▶ **What the task asks**
With the pictures left aside, write out exactly the lines of the listing below from the line with "Одно из лучших" to the line with "Per questo da", both included, and only those.

*** Data shown Section Begins ***

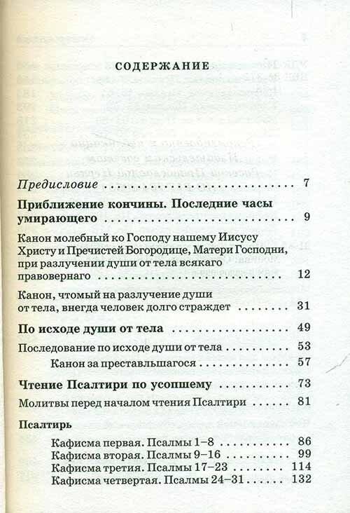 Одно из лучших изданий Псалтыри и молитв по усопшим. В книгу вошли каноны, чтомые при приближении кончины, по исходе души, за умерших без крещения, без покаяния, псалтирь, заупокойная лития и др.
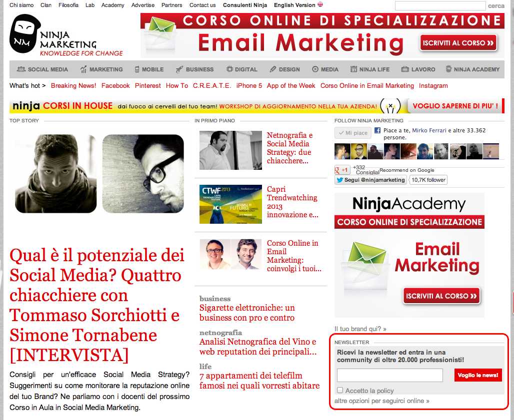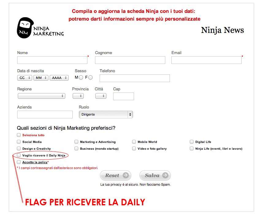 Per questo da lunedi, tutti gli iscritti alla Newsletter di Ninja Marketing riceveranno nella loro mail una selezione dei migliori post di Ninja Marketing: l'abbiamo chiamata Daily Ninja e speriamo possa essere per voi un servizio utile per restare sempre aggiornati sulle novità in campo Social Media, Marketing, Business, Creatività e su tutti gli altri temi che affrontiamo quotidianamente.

*** Data shown Section Ends ***
*** Data shown Section Begins ***

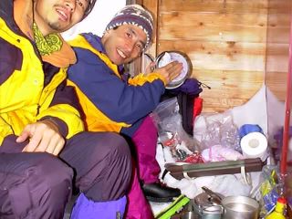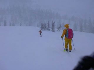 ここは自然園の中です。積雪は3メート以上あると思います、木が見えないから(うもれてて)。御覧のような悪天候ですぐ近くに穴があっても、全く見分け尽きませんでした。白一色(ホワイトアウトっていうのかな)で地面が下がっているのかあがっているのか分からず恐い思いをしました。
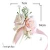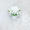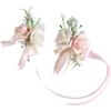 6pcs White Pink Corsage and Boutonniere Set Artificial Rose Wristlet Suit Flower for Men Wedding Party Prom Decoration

*** Data shown Section Ends ***
*** Data shown Section Begins ***

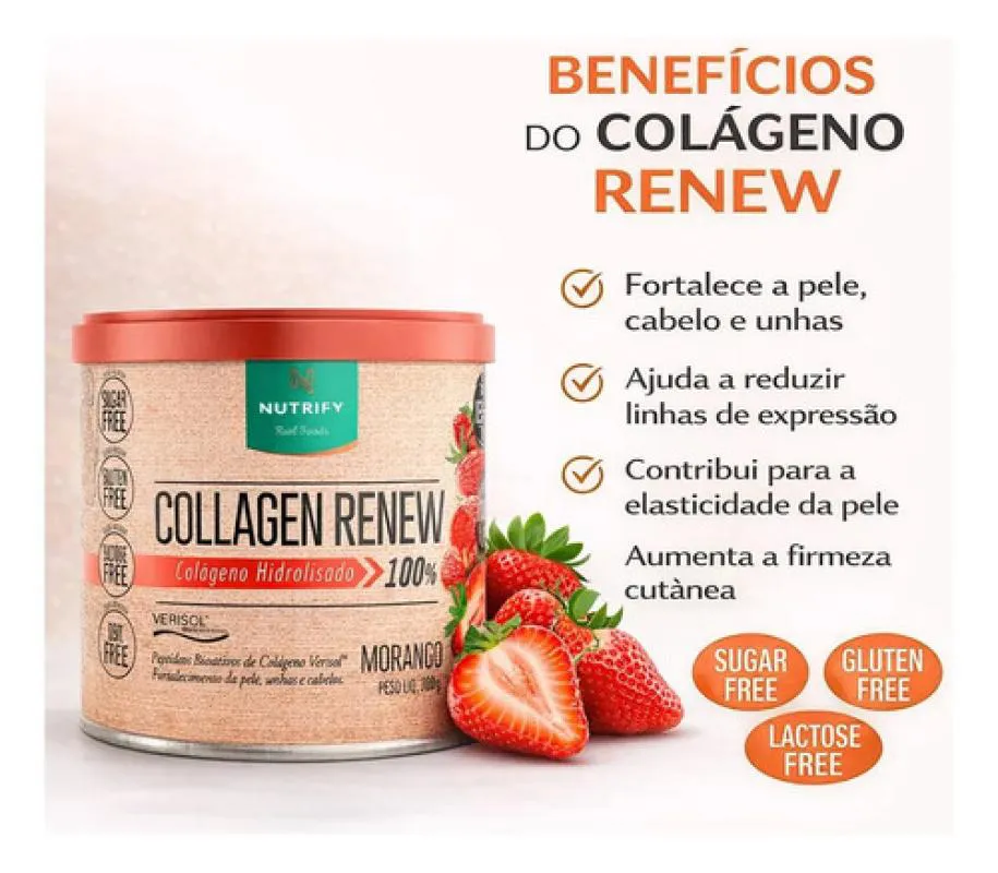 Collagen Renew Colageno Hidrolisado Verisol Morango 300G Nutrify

*** Data shown Section Ends ***

▶ **Task answer**
 Одно из лучших изданий Псалтыри и молитв по усопшим. В книгу вошли каноны, чтомые при приближении кончины, по исходе души, за умерших без крещения, без покаяния, псалтирь, заупокойная лития и др.
 Per questo da lunedi, tutti gli iscritti alla Newsletter di Ninja Marketing riceveranno nella loro mail una selezione dei migliori post di Ninja Marketing: l'abbiamo chiamata Daily Ninja e speriamo possa essere per voi un servizio utile per restare sempre aggiornati sulle novità in campo Social Media, Marketing, Business, Creatività e su tutti gli altri temi che affrontiamo quotidianamente.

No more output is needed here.